- Task directions: Transcribe exactly, and only, the lines from the one containing "Brandi and Zack’s" through the end of the entries below, leaving the pictures out.

Excerpts from a dataset:
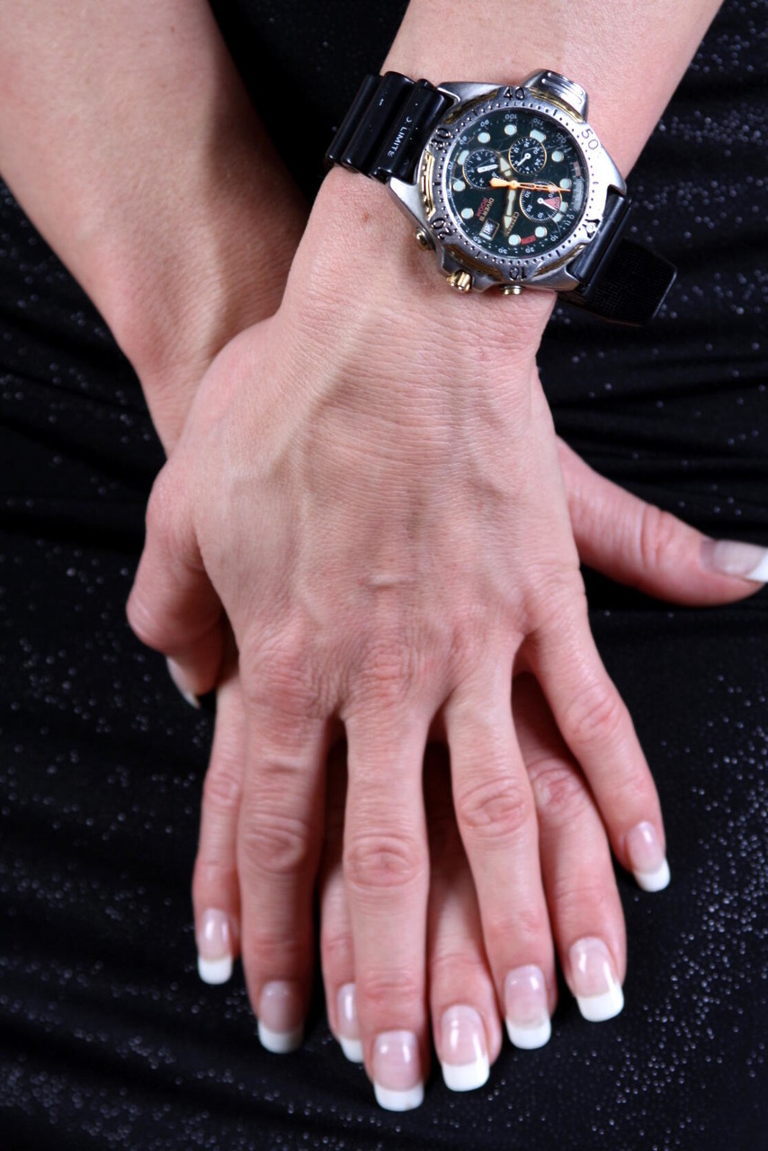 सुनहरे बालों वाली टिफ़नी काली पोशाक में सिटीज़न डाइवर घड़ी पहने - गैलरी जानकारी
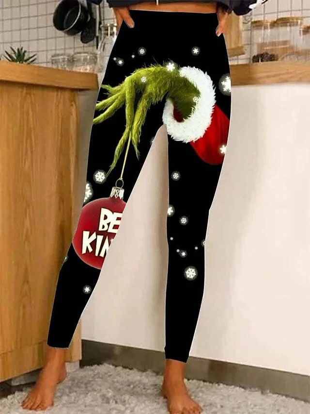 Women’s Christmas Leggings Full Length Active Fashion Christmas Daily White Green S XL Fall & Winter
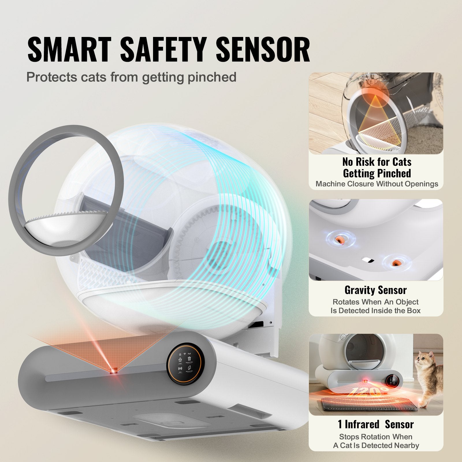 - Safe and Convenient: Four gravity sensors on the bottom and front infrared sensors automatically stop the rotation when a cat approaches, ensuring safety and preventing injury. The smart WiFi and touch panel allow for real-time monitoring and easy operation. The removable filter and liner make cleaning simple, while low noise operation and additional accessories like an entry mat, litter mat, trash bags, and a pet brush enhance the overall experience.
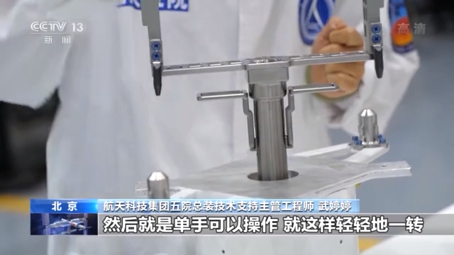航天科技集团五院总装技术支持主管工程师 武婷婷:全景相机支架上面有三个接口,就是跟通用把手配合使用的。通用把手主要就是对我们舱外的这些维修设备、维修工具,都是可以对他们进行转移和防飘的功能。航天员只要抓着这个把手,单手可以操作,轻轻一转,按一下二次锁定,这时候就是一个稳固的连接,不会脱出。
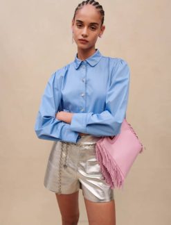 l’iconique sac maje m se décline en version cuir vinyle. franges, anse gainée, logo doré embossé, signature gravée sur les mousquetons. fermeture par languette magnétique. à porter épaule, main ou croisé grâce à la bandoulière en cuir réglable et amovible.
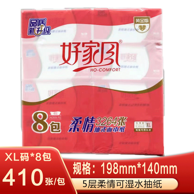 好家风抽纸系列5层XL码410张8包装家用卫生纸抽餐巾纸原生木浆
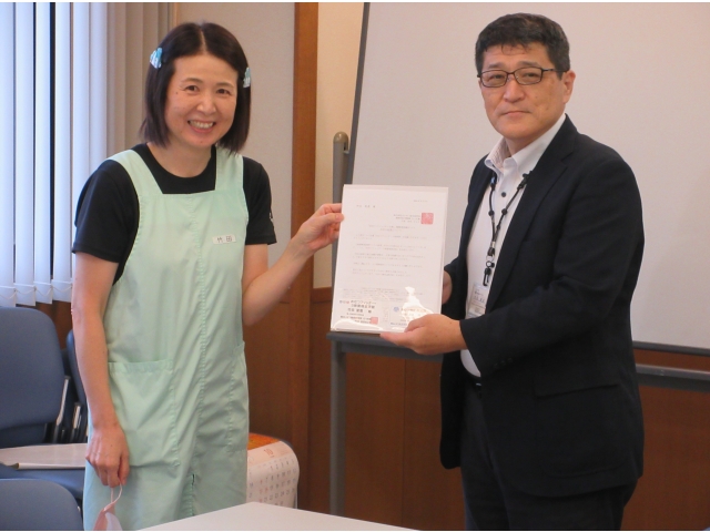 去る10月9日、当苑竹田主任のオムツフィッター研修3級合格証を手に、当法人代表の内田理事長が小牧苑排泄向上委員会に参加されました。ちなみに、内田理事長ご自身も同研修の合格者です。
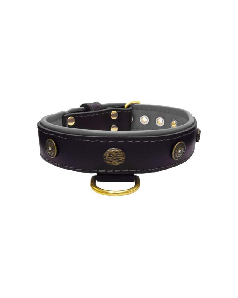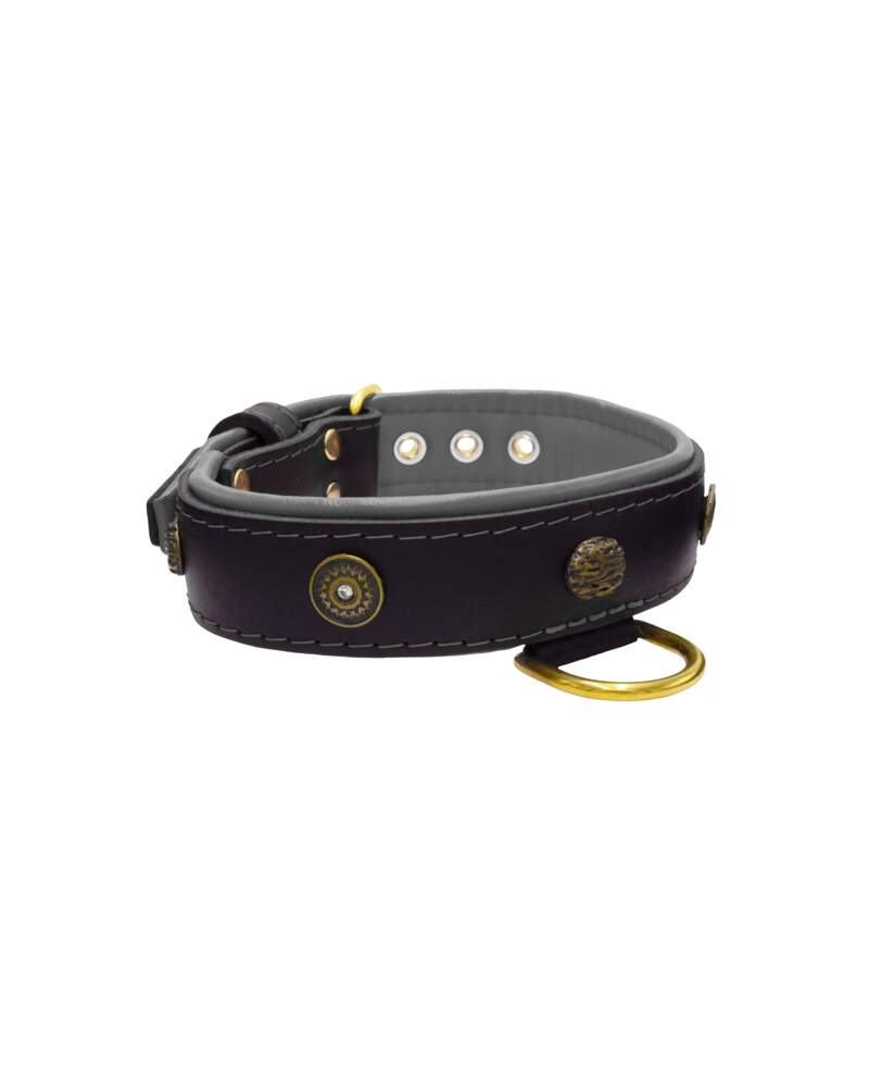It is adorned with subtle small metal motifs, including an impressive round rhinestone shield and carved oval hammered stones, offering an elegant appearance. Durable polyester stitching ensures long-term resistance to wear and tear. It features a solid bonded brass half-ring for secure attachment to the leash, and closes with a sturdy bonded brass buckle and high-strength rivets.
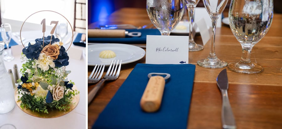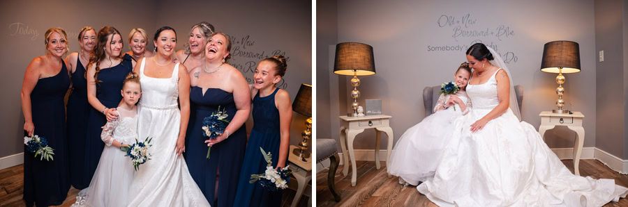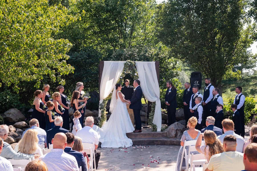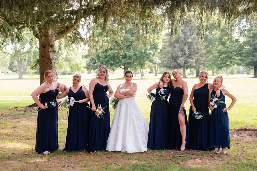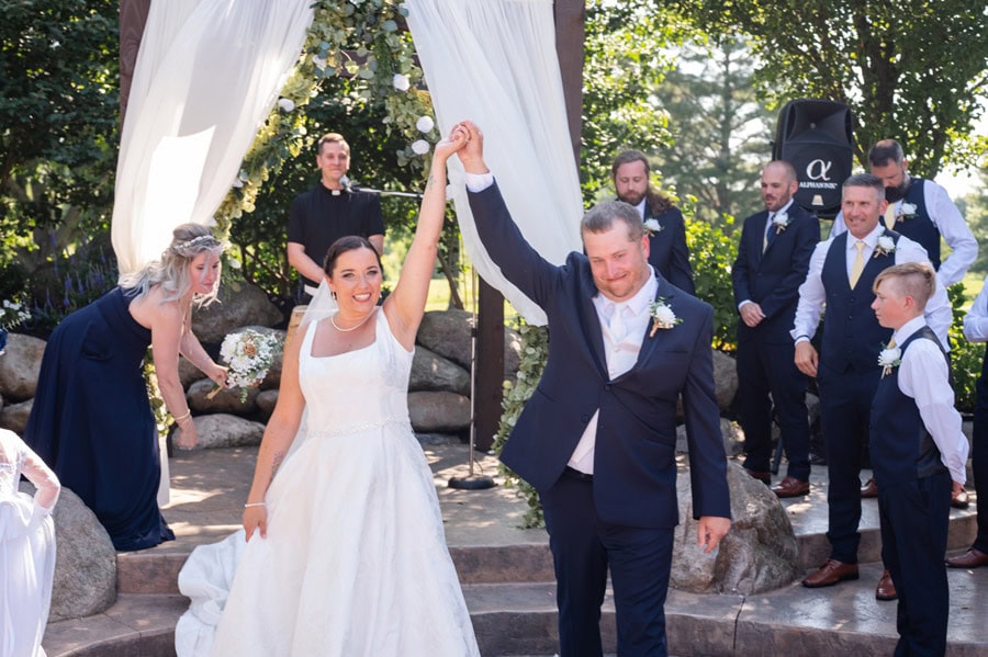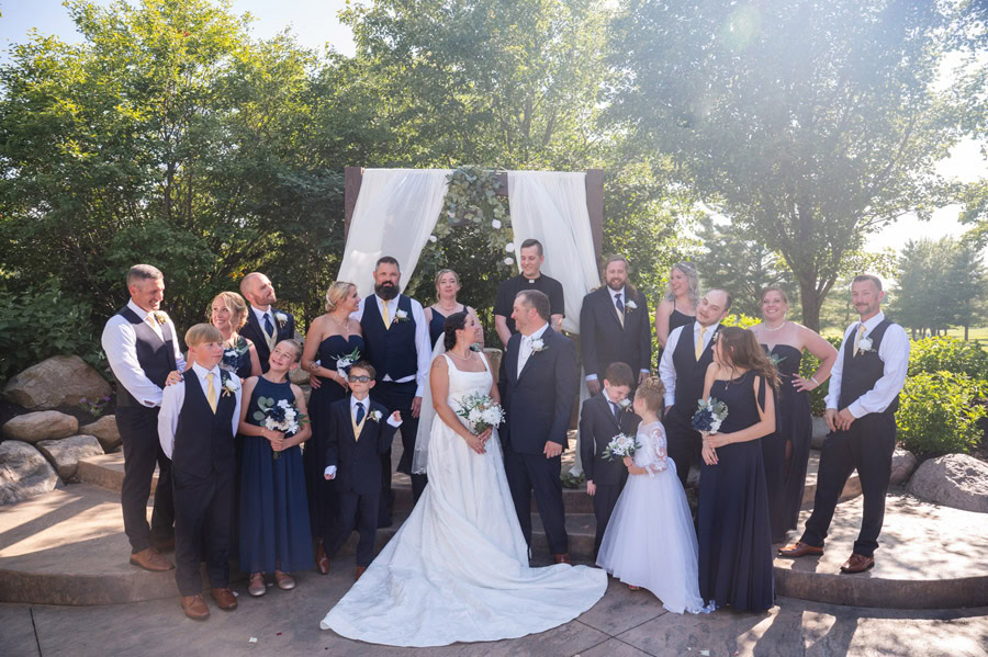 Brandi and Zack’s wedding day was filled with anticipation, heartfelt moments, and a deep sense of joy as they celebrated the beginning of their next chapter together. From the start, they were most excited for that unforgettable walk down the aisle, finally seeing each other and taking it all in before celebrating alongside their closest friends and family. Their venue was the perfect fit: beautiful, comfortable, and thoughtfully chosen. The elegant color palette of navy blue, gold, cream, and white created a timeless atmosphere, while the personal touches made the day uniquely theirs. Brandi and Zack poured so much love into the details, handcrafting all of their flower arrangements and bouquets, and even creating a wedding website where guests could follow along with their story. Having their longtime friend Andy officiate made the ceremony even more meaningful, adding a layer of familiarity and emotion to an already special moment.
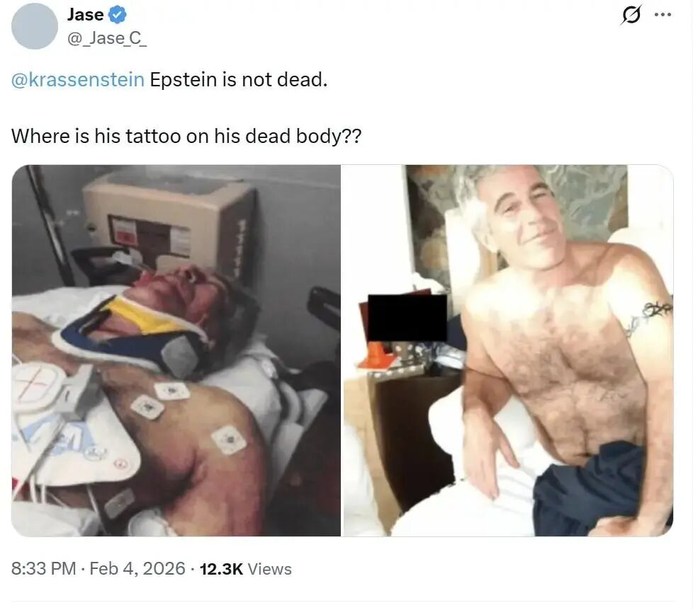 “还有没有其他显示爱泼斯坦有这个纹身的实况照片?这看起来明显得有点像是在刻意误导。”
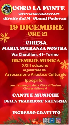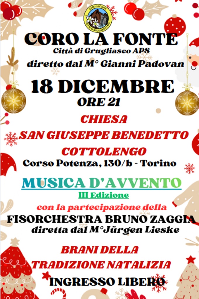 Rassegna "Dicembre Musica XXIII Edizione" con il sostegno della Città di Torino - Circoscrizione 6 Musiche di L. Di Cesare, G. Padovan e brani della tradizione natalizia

- Solution:
 Brandi and Zack’s wedding day was filled with anticipation, heartfelt moments, and a deep sense of joy as they celebrated the beginning of their next chapter together. From the start, they were most excited for that unforgettable walk down the aisle, finally seeing each other and taking it all in before celebrating alongside their closest friends and family. Their venue was the perfect fit: beautiful, comfortable, and thoughtfully chosen. The elegant color palette of navy blue, gold, cream, and white created a timeless atmosphere, while the personal touches made the day uniquely theirs. Brandi and Zack poured so much love into the details, handcrafting all of their flower arrangements and bouquets, and even creating a wedding website where guests could follow along with their story. Having their longtime friend Andy officiate made the ceremony even more meaningful, adding a layer of familiarity and emotion to an already special moment.
 “还有没有其他显示爱泼斯坦有这个纹身的实况照片?这看起来明显得有点像是在刻意误导。”
 Rassegna "Dicembre Musica XXIII Edizione" con il sostegno della Città di Torino - Circoscrizione 6 Musiche di L. Di Cesare, G. Padovan e brani della tradizione natalizia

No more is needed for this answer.